Last Wednesday the NBA managed to shake up the sports world a full month before the start of the season when it released an outline of its new anti-flopping rules. According to the policy outline released by the NBA:
“Flopping” will be defined as any physical act that appears to have been intended to cause the referees to call a foul on another player. The primary factor in determining whether a player committed a flop is whether his physical reaction to contact with another player is inconsistent with what would reasonably be expected given the force or direction of the contact.

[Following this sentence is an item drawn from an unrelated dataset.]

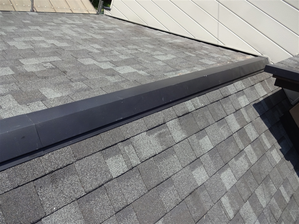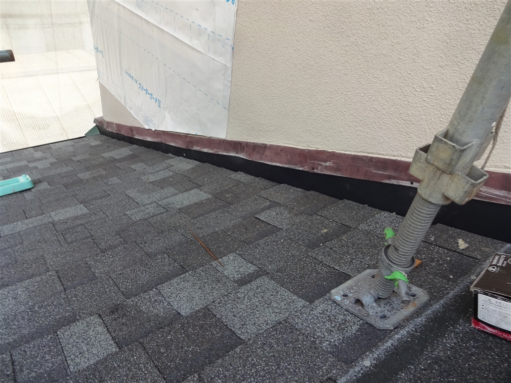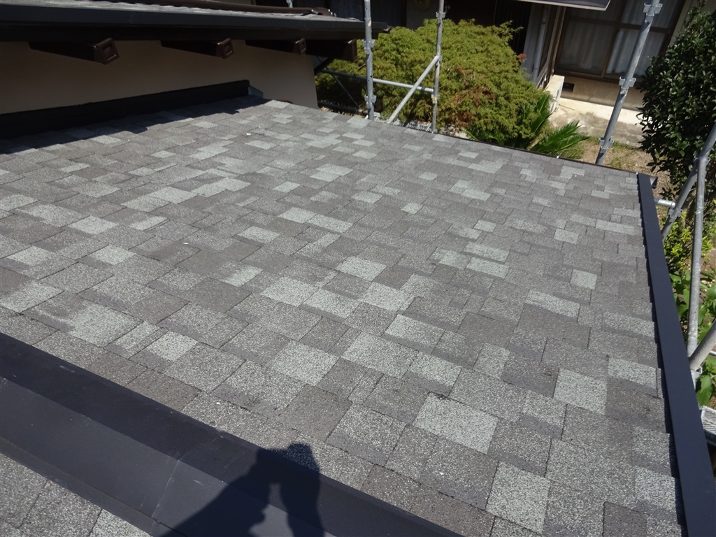 | 工事内容 | 瓦撤去 ⇒ 下地貼り ⇒ ファイバーグラスシングル屋根材 リッジウェイ葺き 色:デュアルブラック |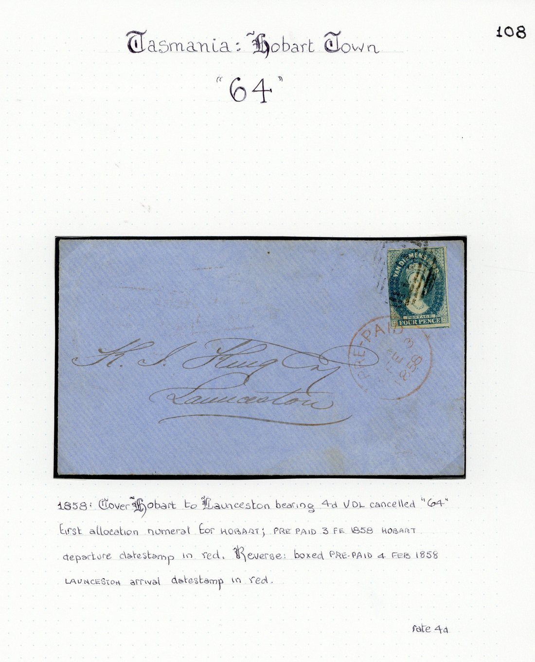 1858 (3 Feb.) and 1859 (24 Mar.) envelope and entire (no side flaps) to Launceston bearing 1857-67 4d. blue, both tied by just legible "64" obliterator and showing despatch and arrival (on reverse) "pre-paid" d.s. in red

The penalties start with a warning and scale upward. After the warning, a second flop gets a player a $5,000 fine. A third is $10,000, a fourth $15,000 and a fifth, $30,000. The league is leaving open what happens to a player after that fifth flop, saying, “He will be subject to discipline that is reasonable under the circumstances, including an increased fine and/or suspension.”
This news elicited fairly favorable reviews from most basketball fans, who applaud the noble goal of purporting to get rid of one of the sport’s most annoying strategies. However, the National Basketball Players Association (NBPA), the union for NBA players, saw it quite differently, and stated almost immediately its intent to file a grievance with the league.
This new rule, which monetarily disciplines players, is not a part of the Collective Bargaining Agreement for the upcoming season and should be procedurally voided, the NBPA is arguing. In addition to filing a league grievance, NBPA Chief, Billy Hunter announced plans for the union to file an unfair labor practice challenge with the National Labor Relations Board (NLRB), classifying this new rule as “without precedent in our sport or any other sport.”
In defense of the new rule, NBA spokesman Tim Frank characterized the adoption of the new rule as “fully consistent with our rights and obligations under the collective bargaining agreement and the law.”
So who’s right? Is this challenge a mere formality by the NBPA or does it stand a fighting chance?
As far as the law is concerned, Section 8 of the National Labor Relations Act defines one unfair labor practice as “[the refusal of the employer] to bargain collectively with the representatives of his employees.” Given what has taken place between the league and the NBPA there is somewhat of an argument to be made that this unfair labor practice fits these facts; however, there’s no sign that the league has plainly refused to bargain with the union.
Given that the union has not come out against the stated policy of eliminating flopping from the game, it is highly likely a settlement between the league and the union is well within reach. The NBPA’s challenges do seem largely procedural, as many players are in agreement that anti-flopping rules are necessary given the current state of the sport.